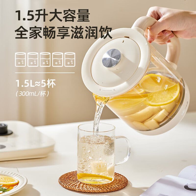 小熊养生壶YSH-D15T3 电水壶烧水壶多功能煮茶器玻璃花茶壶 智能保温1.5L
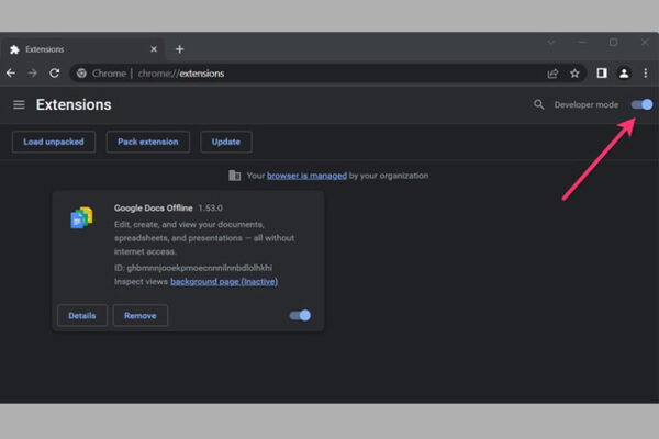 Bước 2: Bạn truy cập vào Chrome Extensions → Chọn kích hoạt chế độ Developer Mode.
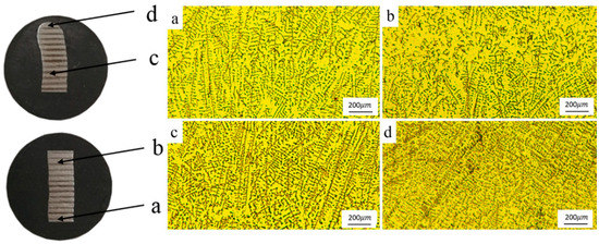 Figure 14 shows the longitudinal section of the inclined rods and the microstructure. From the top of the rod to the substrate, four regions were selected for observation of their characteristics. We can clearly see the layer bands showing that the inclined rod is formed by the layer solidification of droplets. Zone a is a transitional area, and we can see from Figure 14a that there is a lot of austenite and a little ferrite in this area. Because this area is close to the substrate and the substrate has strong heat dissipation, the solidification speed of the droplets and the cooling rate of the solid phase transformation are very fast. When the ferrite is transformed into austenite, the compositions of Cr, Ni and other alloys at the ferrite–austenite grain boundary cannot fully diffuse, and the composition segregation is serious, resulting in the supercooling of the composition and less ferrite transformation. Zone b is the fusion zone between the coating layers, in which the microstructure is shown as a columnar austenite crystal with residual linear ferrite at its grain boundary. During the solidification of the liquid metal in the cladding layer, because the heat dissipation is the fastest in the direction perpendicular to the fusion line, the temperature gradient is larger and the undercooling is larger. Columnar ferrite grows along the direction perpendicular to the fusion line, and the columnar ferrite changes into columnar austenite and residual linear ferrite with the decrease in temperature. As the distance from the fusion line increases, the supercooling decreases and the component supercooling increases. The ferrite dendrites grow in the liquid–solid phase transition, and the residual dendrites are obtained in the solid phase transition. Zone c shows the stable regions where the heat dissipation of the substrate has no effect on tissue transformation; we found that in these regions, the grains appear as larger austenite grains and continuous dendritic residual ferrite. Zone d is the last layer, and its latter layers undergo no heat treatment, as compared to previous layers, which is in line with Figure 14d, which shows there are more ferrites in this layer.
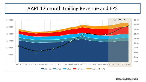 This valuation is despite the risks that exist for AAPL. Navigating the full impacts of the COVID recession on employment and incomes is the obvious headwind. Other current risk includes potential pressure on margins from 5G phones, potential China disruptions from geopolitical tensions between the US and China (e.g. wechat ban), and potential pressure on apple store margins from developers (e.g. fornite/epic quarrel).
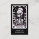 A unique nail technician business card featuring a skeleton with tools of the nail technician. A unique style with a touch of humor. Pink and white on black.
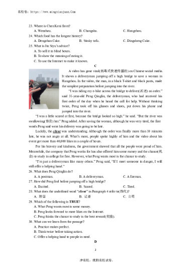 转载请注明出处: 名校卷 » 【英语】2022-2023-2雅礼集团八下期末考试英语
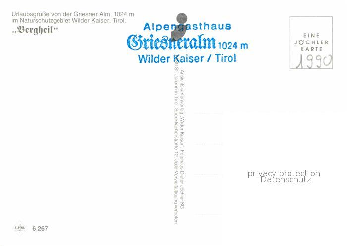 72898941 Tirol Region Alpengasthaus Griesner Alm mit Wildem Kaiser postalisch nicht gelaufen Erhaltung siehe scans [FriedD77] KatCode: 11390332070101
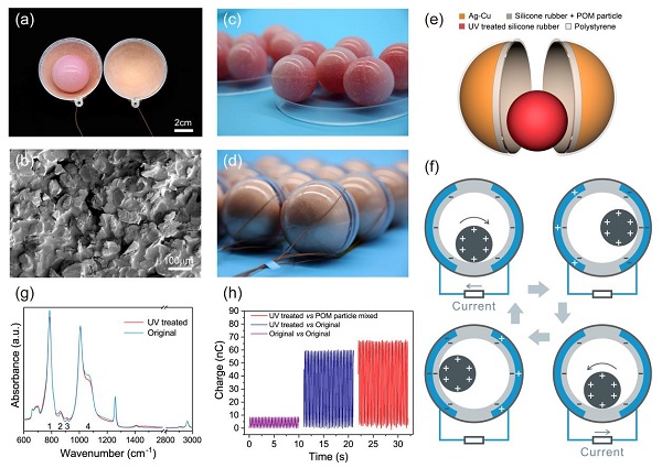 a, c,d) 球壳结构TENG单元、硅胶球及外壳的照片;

> _WORK TO COMPLETE_:
Everything from the first line of the entries above through the line with "Bước 2: Bạn" should be duplicated exactly, except the pictures.

> _RESPONSE_:
 小熊养生壶YSH-D15T3 电水壶烧水壶多功能煮茶器玻璃花茶壶 智能保温1.5L
 Bước 2: Bạn truy cập vào Chrome Extensions → Chọn kích hoạt chế độ Developer Mode.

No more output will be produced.